Of translational significance, integration of expression array datasets from human and murine endometrial tissue uncovered an evolutionarily conserved GATA2-PGR-SOX17 dependent regulatory network that is predicted to control the majority of endometrial target mediators of normal progesterone responsiveness (Rubel et al., 2016; Wang et al., 2018). Based on these observations, perturbation in endometrial GATA2 levels is predicted to cause endometrial pathologies due to progesterone resistance. Indeed, one report describes endometrial GATA2 levels are markedly decreased in women with endometriosis (Dyson et al., 2014). While in the mouse, ablation of GATA2 function in the endometrium results in epithelial hallmarks of unopposed estrogen signaling, which include abnormal epithelial integrity, characterized by extensive basal cell stratification (Franco et al., 2012; Rubel et al., 2016).
Interestingly, prostate studies reveal that GATA2 can bind upstream regulatory elements to increase expression levels of the androgen receptor [(AR) a NR3C subfamily member and close relative of PGR; Wu et al., 2014]. As a pioneer factor in prostate cells, GATA2 promotes chromatin accessibility at enhancer regions through recruitment of p300 histone acetyltransferase to generate active chromatin by acetylating lysine 27 in histone 3 (H3K27). Moreover, GATA2 has been shown to create and maintain regulatory chromatin loops between AR-bound distal enhancers and promoters of AR target genes by recruiting the mediator coregulator complex. Interestingly, a similar DNA looping mechanism has been put forward to explain the joint regulation by PGR and GATA2 of target genes in a murine mammary gland adenocarcinoma cell line (Magklara and Smith, 2009). Whether similar modifier mechanisms in the endometrial epithelium apply to GATA2 modification of Pgr expression levels and its signaling program warrants further investigation.

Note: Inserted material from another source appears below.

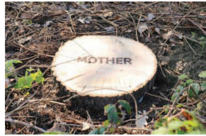
Fig. 1. The Listening Wood , Hampstead Heath (© Preamble, 2019. Photo: Leah Lovett.)

of their age [2]. Crown retrenchment, decay and exposed dead wood betray the survival of the oldest of the project trees—a 450-year-old oak—through two "Great Storms" (1703, 1987) and industrial urbanization. Hollowed, gnarled and fallen veteran trees provide microhabitats to support the biodiversity of urban parks like Hampstead Heath, but they also offer a point of contact with the past, across sweeps of time spanning human generations. Almost two centuries before its inclusion in The Listening Wood project, the leaning pine of Sandy Heath (Fig. 2) was sketched by the landscape painter John Constable [3]; nearby, a pair of three-century-old oaks stand precariously atop a mound of sand, undermined for railway infrastructure projects by Victorian industrialists [4].

Steroid Receptor Coactivator-2: A Stromal Modifier
Steroid Receptor Coactivator-2 (SRC-2; also known as NCOA2, GRIP1, and TIF2) is a member of the p160/SRC family of coactivators, which also comprises SRC-1 and SRC-3 (Xu et al., 2009; Szwarc et al., 2014b). As pleiotropic coregulators, SRC family members regulate a myriad of physiological responses and clinicopathologies. The pleiotropic properties of SRCs are due to their large size and structural complexity, which enable this coregulator family to modulate both nuclear receptor and non-nuclear receptor signaling. Using the PGR as a molecular bait in a two-hybrid system, the first SRC family member (SRC-1) was isolated and characterized as a primary coactivator of DNA-bound nuclear receptors (Onate et al., 1995). Since then, SRC family members have been shown to act as non-overlapping coactivators of numerous members of the nuclear receptor superfamily (Xu et al., 2009). For example, early studies demonstrated a potent coactivator role for SRC-2 in PGR-mediated transactivation in vitro (Hofman et al., 2002). Numerous investigations demonstrated that SRCs transmit the activation signal from DNA-bound nuclear receptors to secondary coregulators (p300) and ancillary factors, which in turn stream the signal to the general transcriptional complex to induce target gene transcription (Xu et al., 2009). Although important for nuclear receptor function, the complex functional domain organization of SRCs—containing numerous composite protein-protein interaction surfaces (Figure 4A)—strongly predicted that this coregulator class may serve as multifunctional integrators for a broad array of signals distinct from those mediated by nuclear receptors.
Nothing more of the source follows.